Eind 1982 is deze kerk, als gevolg van al jaren teruglopend kerkbezoek, buiten gebruik gesteld; toen is een kleine kerkzaal in de vroegere pastorie ingewijd, die tot eind 2023 in gebruik was. De parochie was inmiddels samengevoegd met die van de St. Gerardus Majella in de Indische Buurt en de St. Anna aan de Wittenburgergracht, en ging verder onder de naam Anna-Bonifatius-Gerardus Majella (ABG). Voorjaar 1983 heeft een grote veiling van stukken inventaris van de kerk plaatsgevonden. Ook het grote achterstallig onderhoud en de matige bouwkundige staat waren redenen om de "grote Bon" af te stoten.
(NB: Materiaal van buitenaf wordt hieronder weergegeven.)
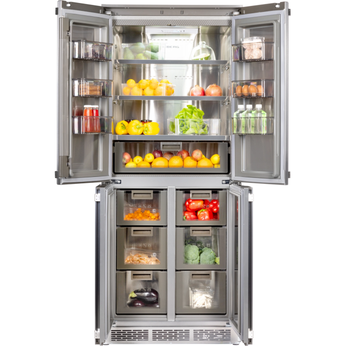 Благодаря уникальному дизайнерскому решению во внутренней эргономике устройства, вы получите настоящее эстетическое удовольствие от хранения продуктов – стенки камер и дверей выполнены полностью из нержавеющей стали, а все выдвижные ящики - из нержавеющей стали со стеклянными фасадами.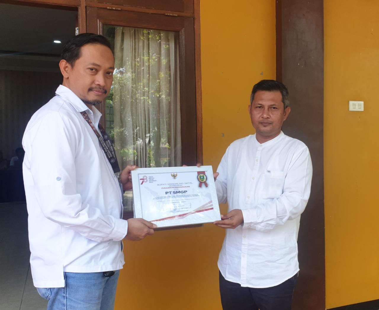 Piagam penghargaan tersebut diberikan Bupati Madina HM. Jafar Sukhairi Nasution. Bupati mengucapkan terima kasih kepada PT SMGP karena telah ikut berpartisipasi membantu pendidikan masyarakat melalui program beasiswa bagi mahasiswa berprestasi.

In september en oktober 1984 zijn kerk en toren gesloopt. Ter plaatse is later in de jaren 1980 een verzorgingstehuis gebouwd. Na een (financiële) actie is bovenop dit complex een metalen torentje geplaatst met 3 van de 4 wijzerplaten en wijzers van het uurwerk, die zich op de vroegere kerktoren bevonden.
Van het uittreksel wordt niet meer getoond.